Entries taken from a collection
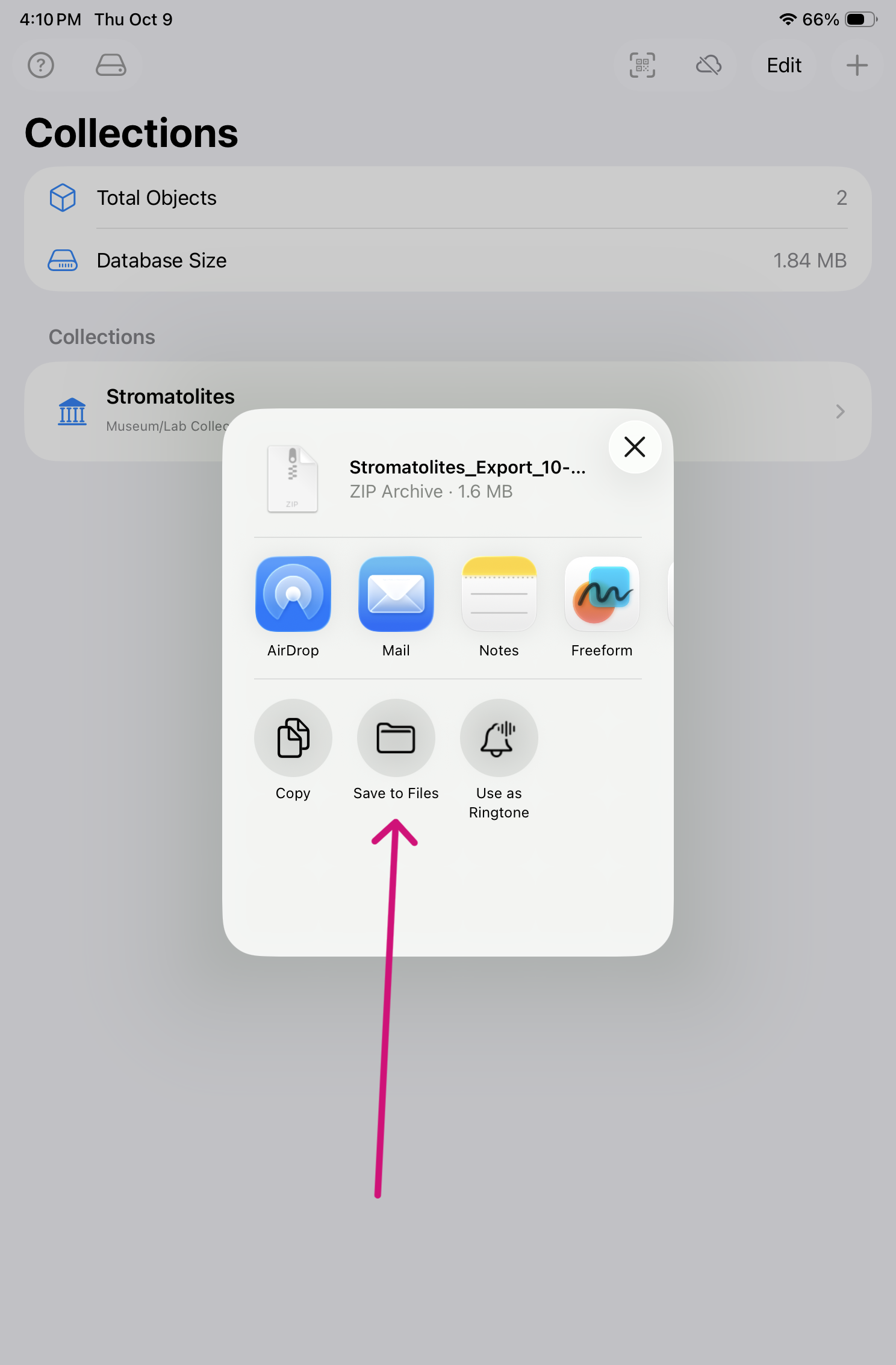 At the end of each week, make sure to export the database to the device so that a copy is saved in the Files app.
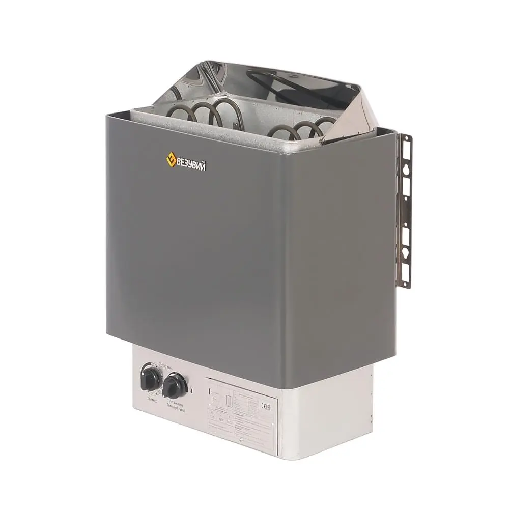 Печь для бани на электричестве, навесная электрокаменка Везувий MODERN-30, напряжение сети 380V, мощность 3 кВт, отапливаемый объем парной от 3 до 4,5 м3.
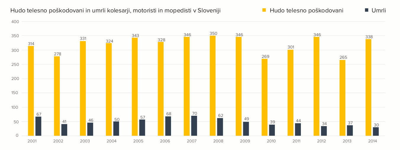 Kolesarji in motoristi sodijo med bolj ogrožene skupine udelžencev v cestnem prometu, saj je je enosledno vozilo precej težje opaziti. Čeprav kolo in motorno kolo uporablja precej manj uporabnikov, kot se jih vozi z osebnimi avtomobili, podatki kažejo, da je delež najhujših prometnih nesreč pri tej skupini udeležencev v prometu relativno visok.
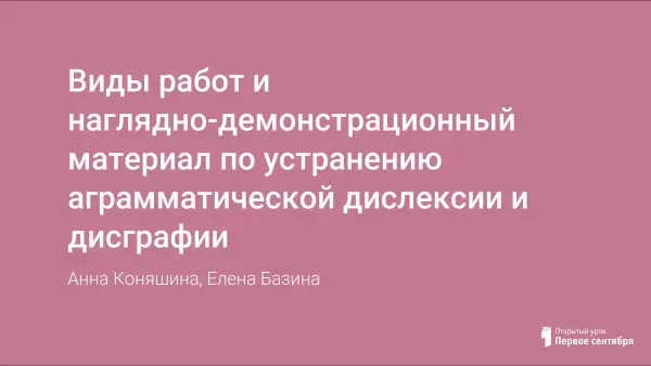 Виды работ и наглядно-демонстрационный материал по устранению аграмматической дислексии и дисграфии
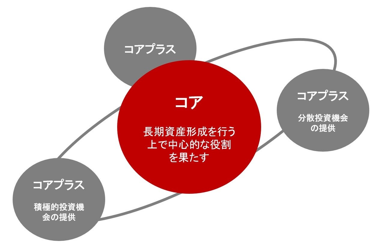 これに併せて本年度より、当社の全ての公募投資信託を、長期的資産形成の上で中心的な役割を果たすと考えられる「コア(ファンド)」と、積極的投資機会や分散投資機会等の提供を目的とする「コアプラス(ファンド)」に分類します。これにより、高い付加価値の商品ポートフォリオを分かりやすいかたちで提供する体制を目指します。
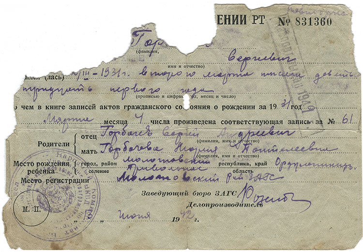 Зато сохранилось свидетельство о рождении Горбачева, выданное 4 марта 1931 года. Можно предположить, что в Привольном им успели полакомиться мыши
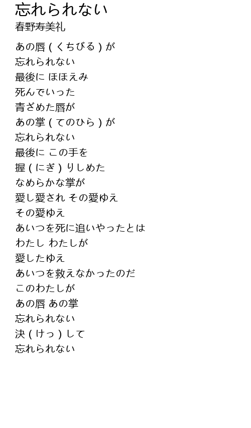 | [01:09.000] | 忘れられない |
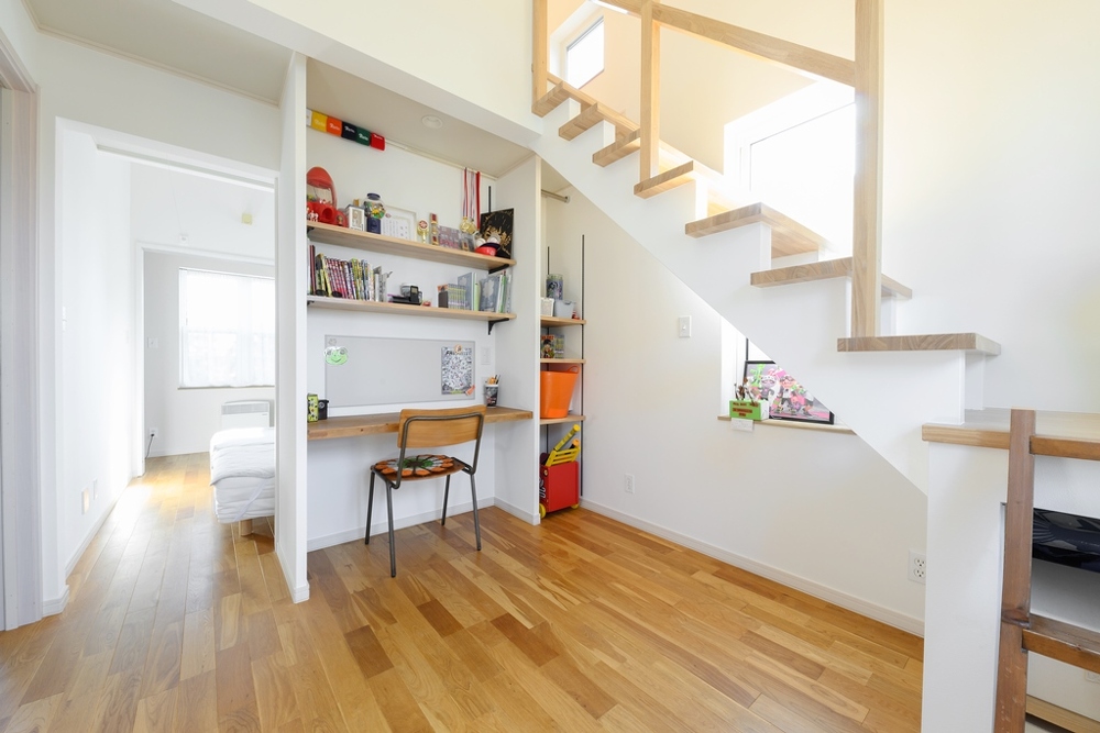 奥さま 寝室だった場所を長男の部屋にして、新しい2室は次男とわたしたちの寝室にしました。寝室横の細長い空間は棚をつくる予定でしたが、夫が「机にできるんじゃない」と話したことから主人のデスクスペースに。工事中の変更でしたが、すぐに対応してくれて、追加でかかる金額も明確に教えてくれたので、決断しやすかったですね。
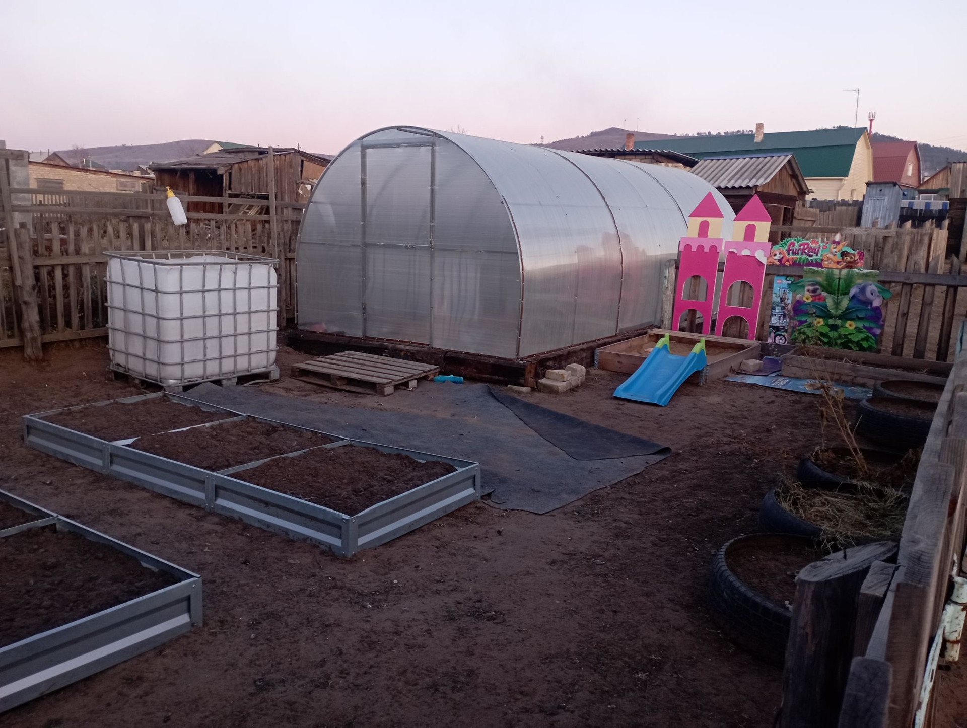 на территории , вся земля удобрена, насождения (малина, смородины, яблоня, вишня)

INSTRUCTIONS FOR THE TASK: Output exactly the lines above, beginning at the one with "Печь для бани" and stopping after the one with "これに併せて本年度より、当社". Pictures are to be omitted.

EXERCISE RESULT:
 Печь для бани на электричестве, навесная электрокаменка Везувий MODERN-30, напряжение сети 380V, мощность 3 кВт, отапливаемый объем парной от 3 до 4,5 м3.
 Kolesarji in motoristi sodijo med bolj ogrožene skupine udelžencev v cestnem prometu, saj je je enosledno vozilo precej težje opaziti. Čeprav kolo in motorno kolo uporablja precej manj uporabnikov, kot se jih vozi z osebnimi avtomobili, podatki kažejo, da je delež najhujših prometnih nesreč pri tej skupini udeležencev v prometu relativno visok.
 Виды работ и наглядно-демонстрационный материал по устранению аграмматической дислексии и дисграфии
 これに併せて本年度より、当社の全ての公募投資信託を、長期的資産形成の上で中心的な役割を果たすと考えられる「コア(ファンド)」と、積極的投資機会や分散投資機会等の提供を目的とする「コアプラス(ファンド)」に分類します。これにより、高い付加価値の商品ポートフォリオを分かりやすいかたちで提供する体制を目指します。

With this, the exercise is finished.